PHOENIX - State authorities are investigating questionable spending and possible misuse of vehicles and equipment owned by a polygamist community's financially troubled school district, newly released records indicate.

Investigators for the attorney general on Tuesday seized a truckload of computers and paper records from the Colorado City Unified School District offices in the isolated community north of the Colorado River in far northwestern Arizona. The community is dominated by the Fundamentalist Church of Jesus Christ of Latter Day Saints, a polygamous offshoot of the mainstream Mormon Church.
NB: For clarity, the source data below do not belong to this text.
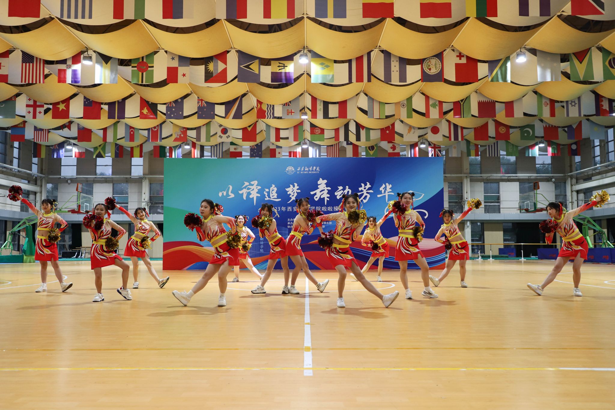 本次比赛共有来自各二级学院的十三支参赛队伍参加。在啦啦操队员们热烈的开场舞后,裁判员及运动员代表宣誓,大赛正式拉开帷幕。来自艺术与设计学院的“花火队”随着节拍迈着轻盈的步伐,身姿律动、活力动感的舞姿给在场观众留下深刻印象,表演者们踏着轻快的步伐,精彩的表演让大家眼前一亮,整齐划一的动作与振奋人心的音乐完美融合,将现场的气氛推向高潮。英文学院队伍“China-X队”的参赛者们配合默契,精心编排的动作与动感十足的音乐相得益彰,热情与汗水挥洒在灯火之下,展现出英文学院学子独特的艺术魅力与出色的舞台表现,完美诠释了本次大赛“以译追梦,舞动芳华”的中心主题,体现了西译学子朝气蓬勃、锐意进取、积极向上的精神风貌。亚欧语言文化学院代表的“A队”队员们身着统一服装,手持花球,迈着自信的步伐登场,脸上洋溢着笑容,动作整齐有力、干净利落,用炙热的青春编织着独属于他们的浪漫。
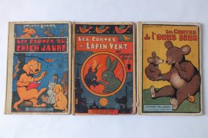 « Les contes du chien jaune. » 1930 ; « Les contes du Lapin vert. » 1927 (coloriages) ; « Les contes de l’ours brun. » 1933.
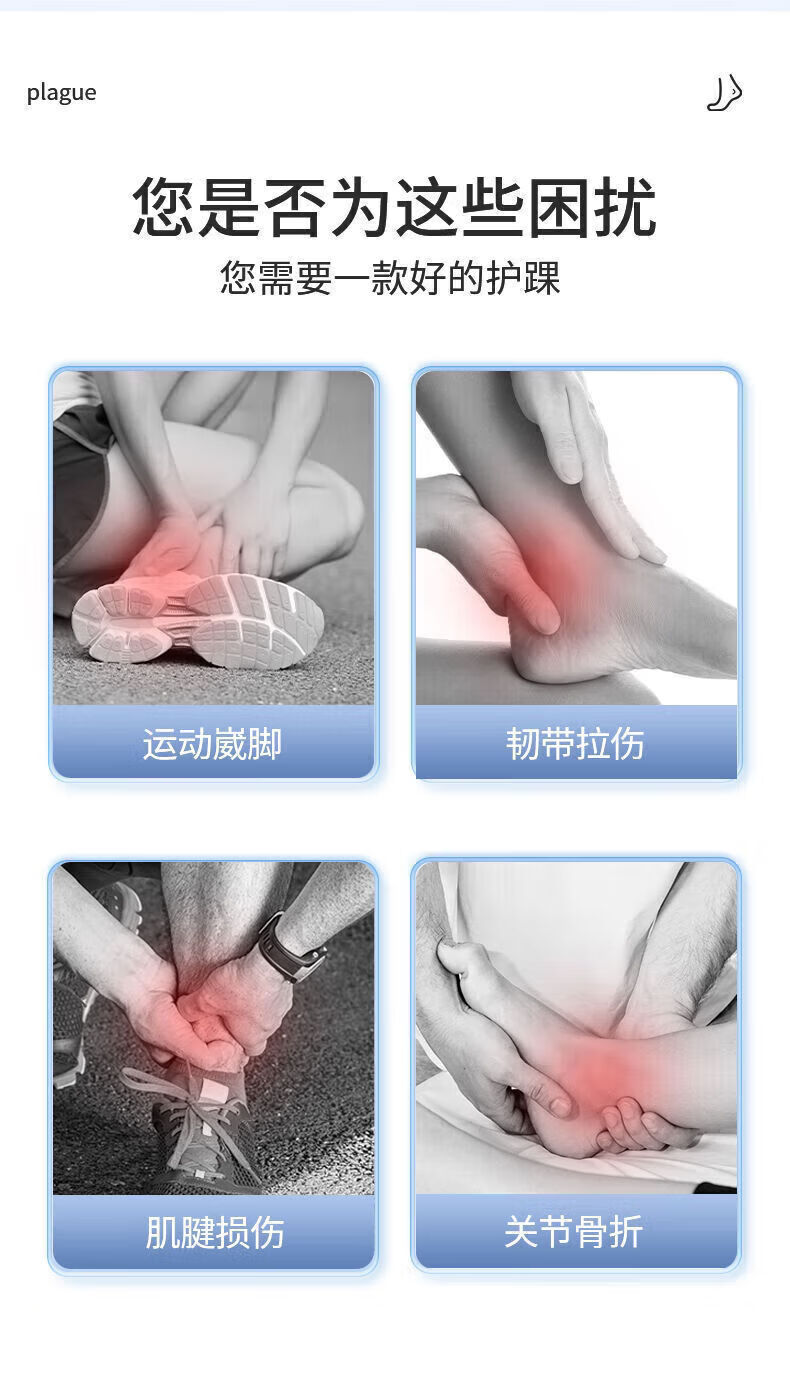 通用脚踝扭伤护具医用护踝固定康复男运动女扭伤恢复器防崴脚踝 灰色[ 灰色[固定康复护踝/左右脚通用 M(3639码)
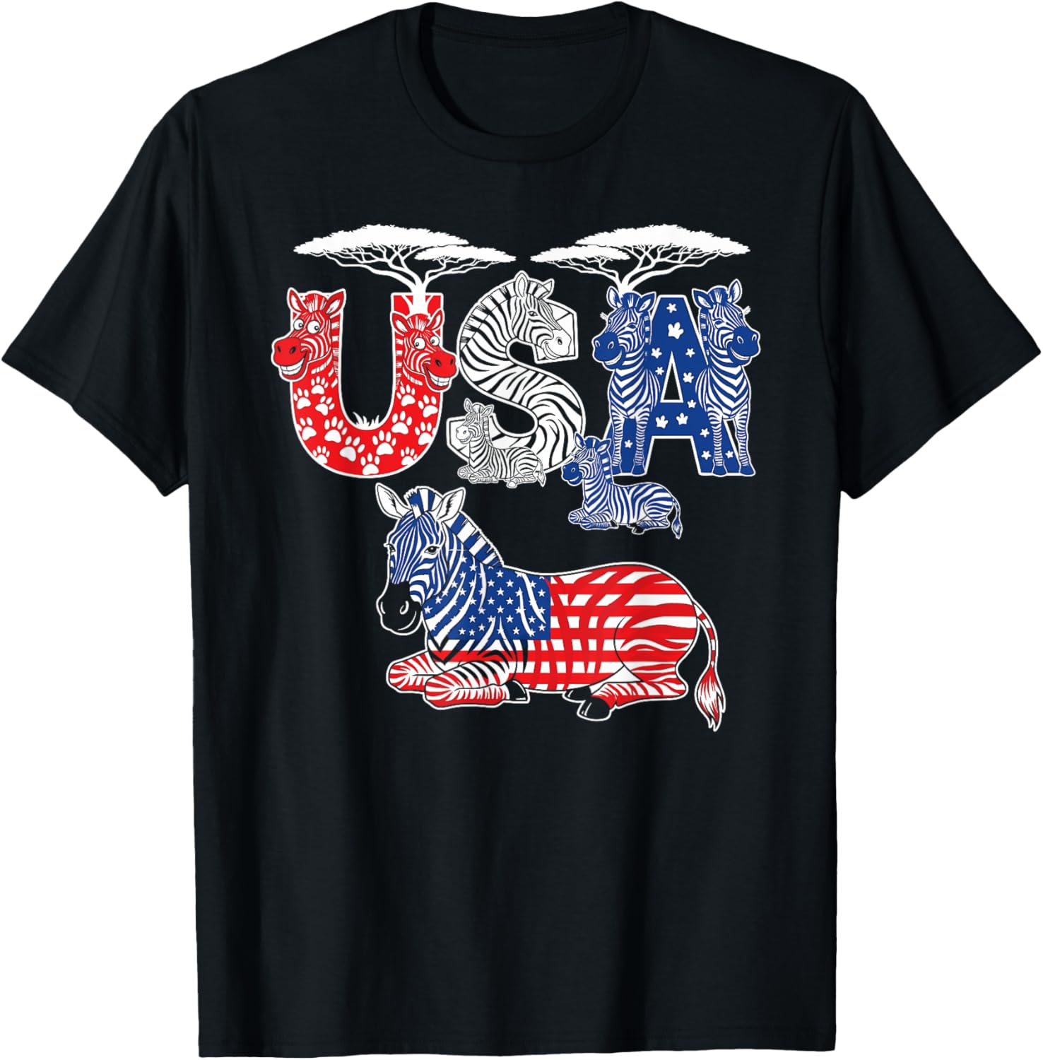 Funny Zebra American Usa Flag 4th Of July Womens Mens Kids T-shirt

In an affidavit requesting a search warrant, Special Agent Meg Pollard cited the district's purchase of an airplane, officials' use of district vehicles, the transfer of the district's bus barn to the town of Colorado City without apparent benefit to the district and the full-time employment status of officials' relatives whose work appeared to consist of driving school buses.

Pollard's affidavit, which was filed Sunday and unsealed May 27, also said there was "probable cause" to believe that district Superintendent Alvin S. Barlow, business manager Jeffrey P. Jessop and assistant business manager Oliver B. Barlow had committed the crime of misuse of public funds.

"Probable cause" is a legal term that means there are facts and circumstances to indicate something is true. However, it is a significantly lower standard of proof than the standard of beyond a reasonable doubt needed for a criminal conviction.

Neither of the Barlows nor Jessop immediately returned telephone messages left for them at the district's office yesterday. None has been charged.

A document that Pollard filed yesterday to report on the search said material seized included numerous computers as well as dozens of file cabinets, boxes and books of bank records, cash receipts, photocopies of checks, financial journals, invoices, payroll reports, travel claims and personnel files.

Andrea Esquer, a spokeswoman for Attorney General Terry Goddard, said the seized material filled most of a 28-foot U-Haul van. Officers from the state Department of Public Safety and the Mohave County Sheriff's Department helped with the search, she said.

Esquer said state investigators are reviewing the material seized, but she declined to comment on what will happen next.

Goddard, whose office has been investigating the district for two years, has said he plans to ask the state Board of Education to appoint a receiver to oversee the district. A new state law allowing the board to put a district into financial receivership for financial mismanagement takes effect Aug. 12.

The district's teachers went unpaid for two months last year because it ran out of money. Critics blamed the district's financial problems on a bloated work force, among other things.